COMPARATIVE STUDY OF FEEDBACK ON IELTS SPEAKING PERFORMANCE: PRE-SERVICE TEACHERS VERSUS AUTOMATIC SPEECH RECOGNITION APPLICATIONS
Abstract
The integration of AI-powered tools, particularly Automatic Speech Recognition (ASR) apps, in assessing and providing feedback on oral proficiency has gained significant attention lately. This comparative study analyzes Chat-GPT 4o and ELSA Speech Analyzer AI delayed feedback in comparison with feedback provided by three pre-service teachers on a student’s IELTS speaking performance. The research employed a quantitative design with a total of 27 sets of feedback from the three sources. The data were analyzed according to the five criteria adapted from the feedback framework of Steiss et al. (2024). All feedback was found to be positive and adhere to IELTS speaking band descriptors. Nevertheless, Chat-GPT’s focus was only on grammatical and vocabulary errors, missing the aspects related to pronunciation.

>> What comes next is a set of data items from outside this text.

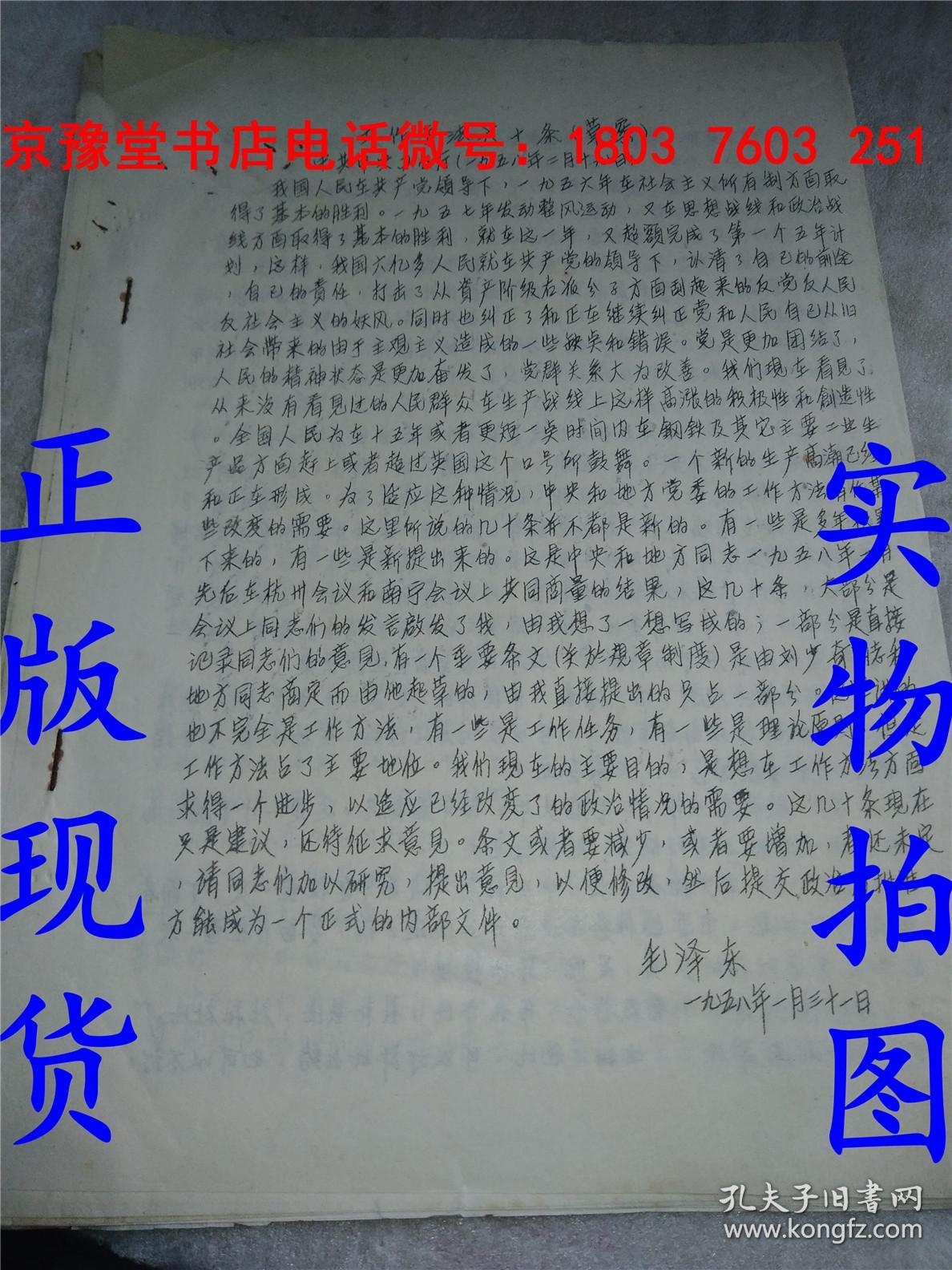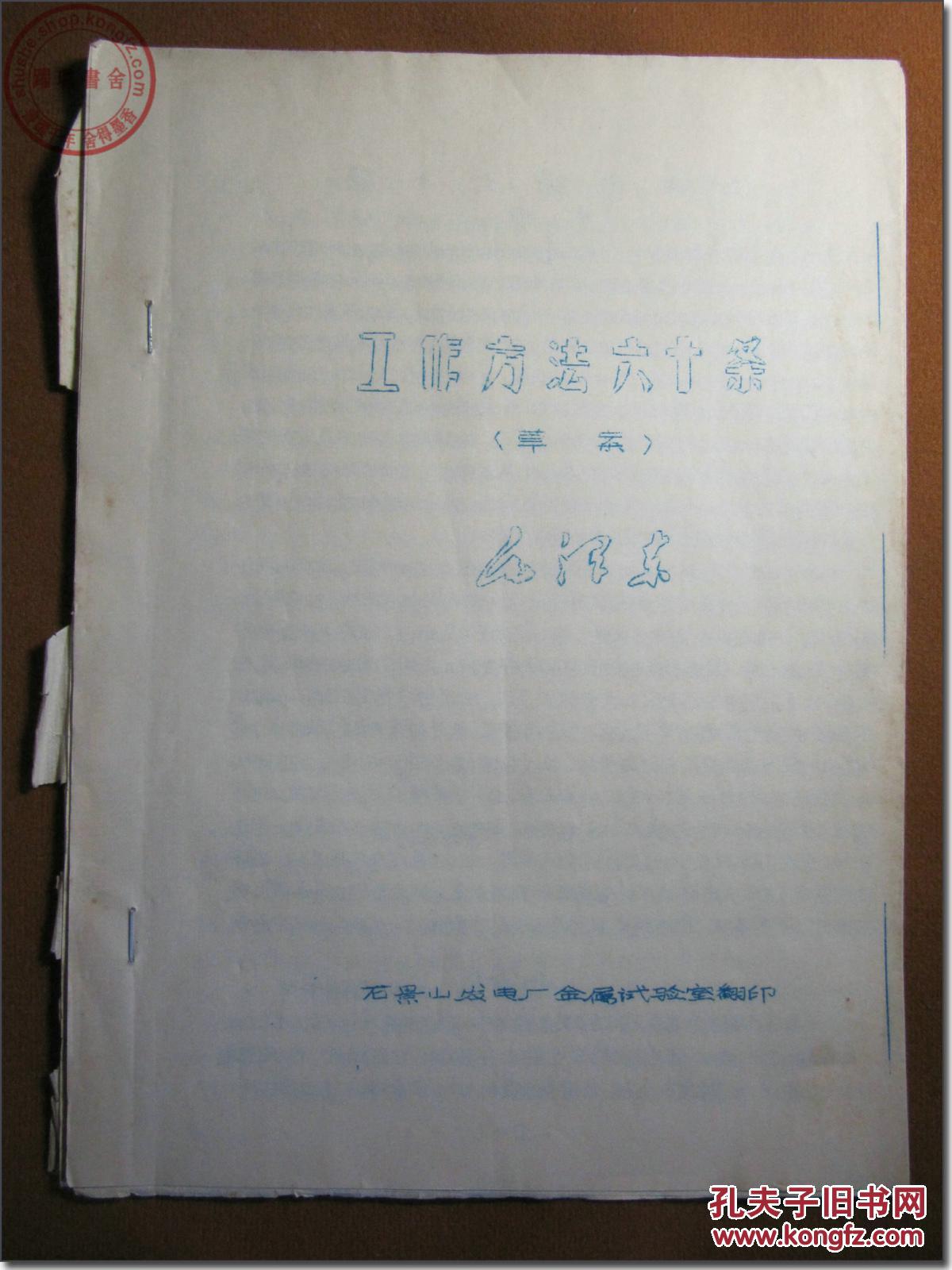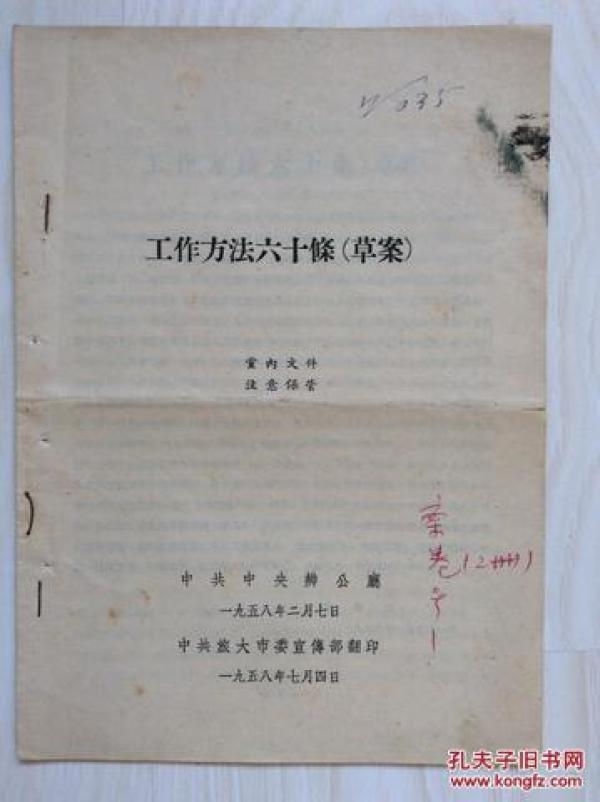 《工作方法六十条(草案)》,毛泽东主席著,
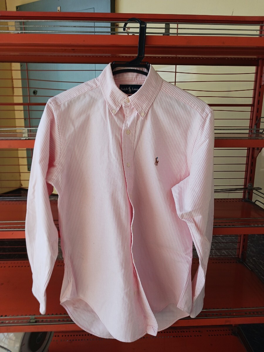 - ラルフローレン ストライプシャツ Mサイズ 15.5 ピンク ボタンダウン クラシックフィット フィリピン製 RRL Polo ワイシャツ Ralph Lauren
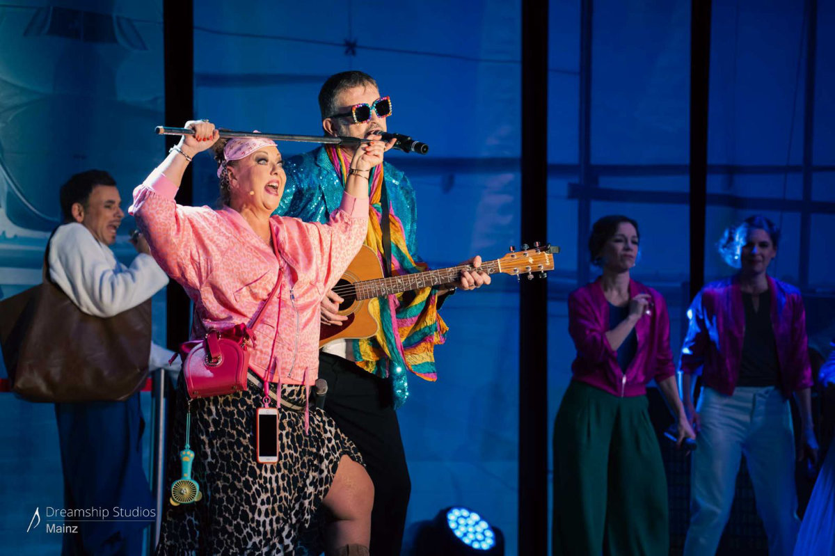 Mit Humor und Tiefgang wird das Publikum durch die turbulente Welt des Reisens und die Höhen und Tiefen der Liebe geführt. Der Flughafen verwandelt sich dabei in eine Bühne voller Gefühl und Glitzer. Mal laut, mal leise werden Geschichten von Sehnsucht, Lebensfreude, Träumen und Neuanfängen erzählt. Zwischen Herzklopfen, Selbstfindung und Dancefloor bietet dieses Stück alles, was das Publikum zum Fliegen bringt.

The tool did not identify audio input as human speech and, instead, provided corrections based on assumptions only. ELSA gave elaborate details in feedback regarding pronunciation which might be too much information for some learners. Pre-service teachers provided holistic feedback but lacked specific analysis of clear directions for improvement. Besides, the teachers-to-be provided inaccurate pronunciation corrections at times. These insights emphasize the importance of integrating AI and human interaction when learning a language. From an educational standpoint, this method covers the structural and personal technical requirements of each individual student, resulting in a more interactive and positive atmosphere.